I had the same problem and it work !!!

Cheers

----------

## zavaxxx

yes thanks for the the tip, it works, but now i am in trouble again; I am following the guide linked in the first post, I am in

pwd

/usr/src/linux-2.6.20-xen-r6

and when I have to type the following command:

make world

I get the following error:

scripts/kconfig/conf -s arch/x86_64/Kconfig

***

*** You have not yet configured your kernel!

***

*** Please run some configurator (e.g. "make oldconfig" or

*** "make menuconfig" or "make xconfig").

***

make[2]: *** [silentoldconfig] Error 1

make[1]: *** [silentoldconfig] Error 2

make: *** No rule to make target `world'.  Stop.

if I go in:

pwd

/usr/src/linux-2.6.20-xen-r6/_dom0

I get:

make -C /usr/src/linux-2.6.20-xen-r6 O=/usr/src/linux-2.6.20-xen-r6/_dom0 world

make[2]: *** No rule to make target `world'.  Stop.
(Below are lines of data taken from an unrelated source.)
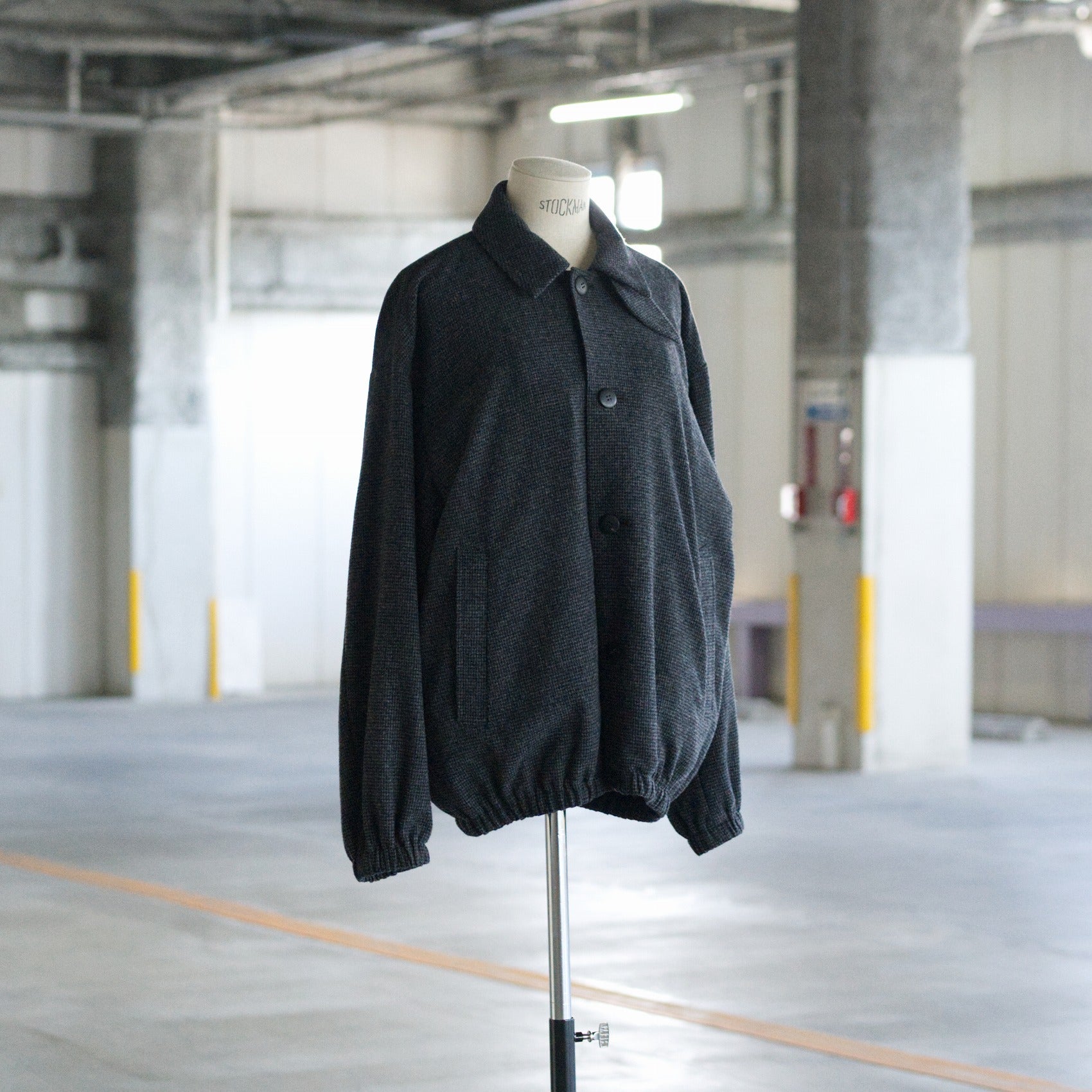 クラシックな雰囲気の千鳥格子は、ウールのトップ糸の上に綿の染糸を撚り合わせることで表現されています。
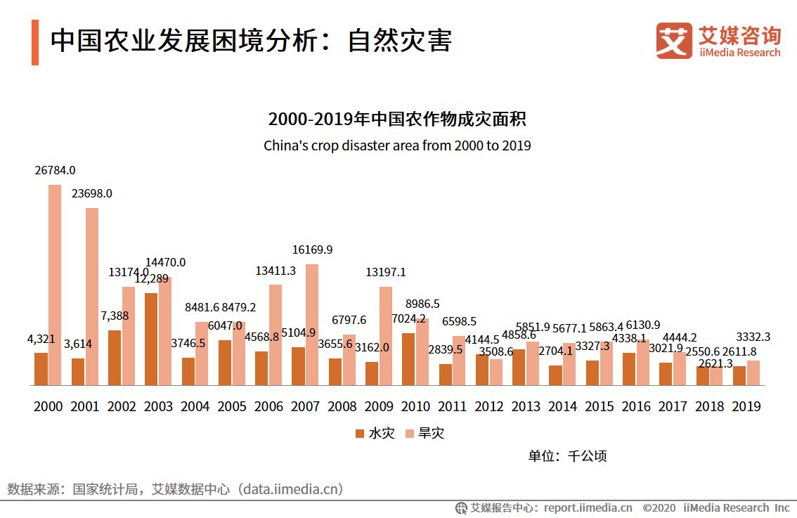 受到全球環(huán)境的影響,中國災(zāi)害較為頻繁,農(nóng)作物受到不同程度的減產(chǎn),主要受到旱災(zāi)和水災(zāi)的影響。2019年,中國農(nóng)作物成災(zāi)面積中,旱災(zāi)和水災(zāi)面積分別達(dá)到3332.3、2611.8千公頃。艾媒咨詢分析師認(rèn)為,2020年中國多個(gè)地區(qū)遭遇暴雨,農(nóng)作物受災(zāi)嚴(yán)重,政府還需加強(qiáng)防汛補(bǔ)救等工作,落實(shí)物資保障。
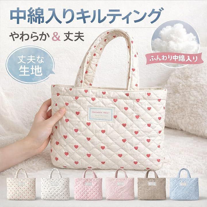 白地x赤ハート、白地x黒ハート、ピンク地xピンクハート、ハートキルティングxピンクギンガムチェック、ハートキルティングxブラウンギンガムチェック、ハートキルティングxブルーギンガムチェックからお選びいただけます。
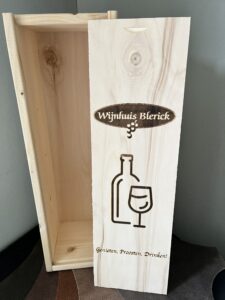 Geef hierboven door welke tekst u op het kistje wil hebben. Wilt u graag een afbeelding of logo op het kistje hebben? Neem dan contact met ons op.
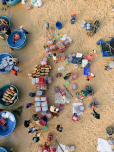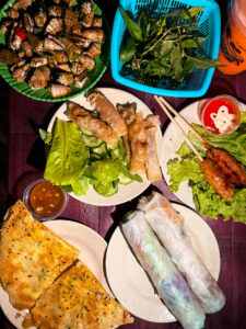 Những quán ăn vặt ở làng chài “siêu rẻ”. Hòa ngỡ ngàng khi bánh xèo chỉ 3.000-5.000 đồng/cái, to ú ụ, các món bún, bánh mì thì với 10.000-15.000 đồng đủ ăn no. “Buổi tối mình sẽ ra bãi biển ăn vặt. Với 50.000 đồng là có bàn đồ ăn đầy ắp. Món ăn đơn giản thôi nhưng ngon miệng, được hưởng gió mát lạnh, ngắm mặt biển bao la”, Hòa kể.
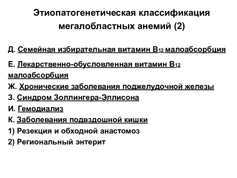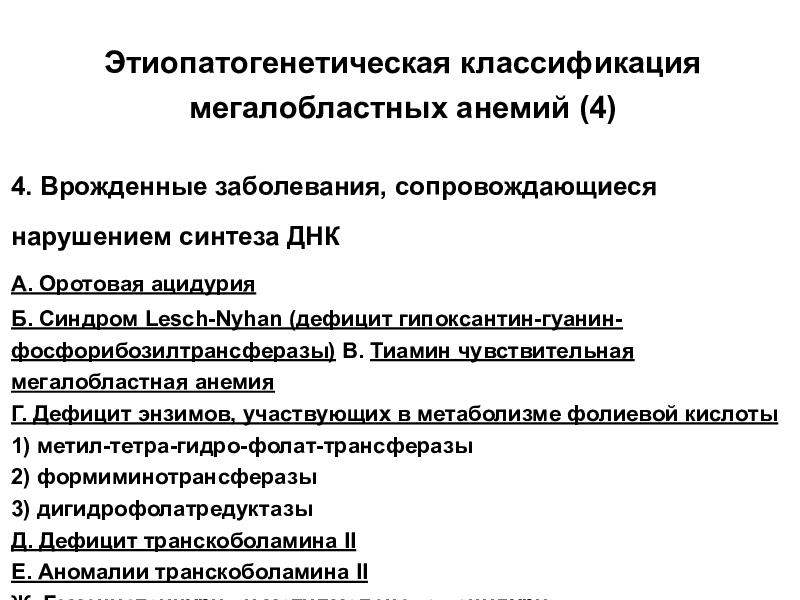 Слайд 13Этиопатогенетическая классификация мегалобластных анемий (1)
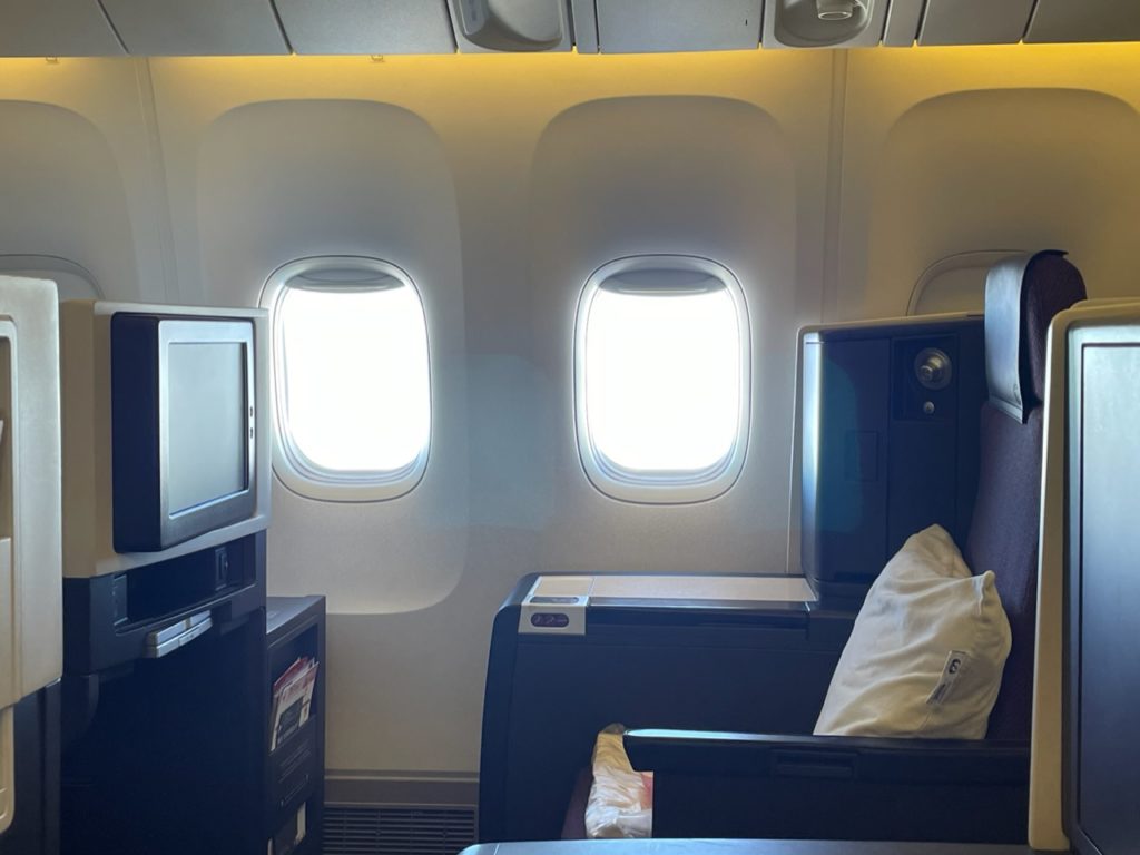 座席はバジネットが使用できる一番前。席が独立していて広々しているので、子連れフライトの不安が軽減しました。

make[1]: *** [world] Error 2

make: *** [world] Error 2

What's wrong?

Thanks in advance.

----------

## drescherjm

 *Quote:*   

> make world 

 

Why are you trying to make world?

You need just make

[EDIT]Oh. I now see that on the page. I did not do that for my xen setup. Just makeU [/EDIT]

Do you have a .config file in _dom0?

----------

## zavaxxx

hi, thanks for replying.

Yes I have the .config both in _dom0 and _domU

Can you explain how I can continue from the point where i am arrived?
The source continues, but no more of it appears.